▶ [What to do]:
In the material below, the lines from the one containing "이제 샤엘 룬도 주웠으니" through the one containing "Sukienkę delikatnie zdobią kokosowe guziki." are to be given again exactly, ends included, and no others.
_____
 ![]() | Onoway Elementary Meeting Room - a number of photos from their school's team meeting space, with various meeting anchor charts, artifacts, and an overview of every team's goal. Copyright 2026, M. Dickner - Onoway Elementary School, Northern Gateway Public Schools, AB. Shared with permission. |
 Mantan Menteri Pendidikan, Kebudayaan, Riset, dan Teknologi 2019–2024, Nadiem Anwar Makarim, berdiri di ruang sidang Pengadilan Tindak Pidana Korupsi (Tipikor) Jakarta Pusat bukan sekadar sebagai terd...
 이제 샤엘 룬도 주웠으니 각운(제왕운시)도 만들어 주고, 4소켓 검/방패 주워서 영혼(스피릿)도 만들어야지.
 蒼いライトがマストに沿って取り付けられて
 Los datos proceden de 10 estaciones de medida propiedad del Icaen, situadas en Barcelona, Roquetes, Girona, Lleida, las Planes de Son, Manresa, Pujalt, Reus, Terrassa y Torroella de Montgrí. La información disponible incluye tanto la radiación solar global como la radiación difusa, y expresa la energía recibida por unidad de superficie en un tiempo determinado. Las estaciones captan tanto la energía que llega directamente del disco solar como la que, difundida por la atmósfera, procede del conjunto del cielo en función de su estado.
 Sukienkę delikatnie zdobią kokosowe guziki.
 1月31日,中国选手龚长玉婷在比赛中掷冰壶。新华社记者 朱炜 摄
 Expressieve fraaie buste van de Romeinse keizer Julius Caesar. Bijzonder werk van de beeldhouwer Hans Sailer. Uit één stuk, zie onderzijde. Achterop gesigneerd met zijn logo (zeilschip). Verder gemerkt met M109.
_____
▶ [Exercise result]:
 이제 샤엘 룬도 주웠으니 각운(제왕운시)도 만들어 주고, 4소켓 검/방패 주워서 영혼(스피릿)도 만들어야지.
 蒼いライトがマストに沿って取り付けられて
 Los datos proceden de 10 estaciones de medida propiedad del Icaen, situadas en Barcelona, Roquetes, Girona, Lleida, las Planes de Son, Manresa, Pujalt, Reus, Terrassa y Torroella de Montgrí. La información disponible incluye tanto la radiación solar global como la radiación difusa, y expresa la energía recibida por unidad de superficie en un tiempo determinado. Las estaciones captan tanto la energía que llega directamente del disco solar como la que, difundida por la atmósfera, procede del conjunto del cielo en función de su estado.
 Sukienkę delikatnie zdobią kokosowe guziki.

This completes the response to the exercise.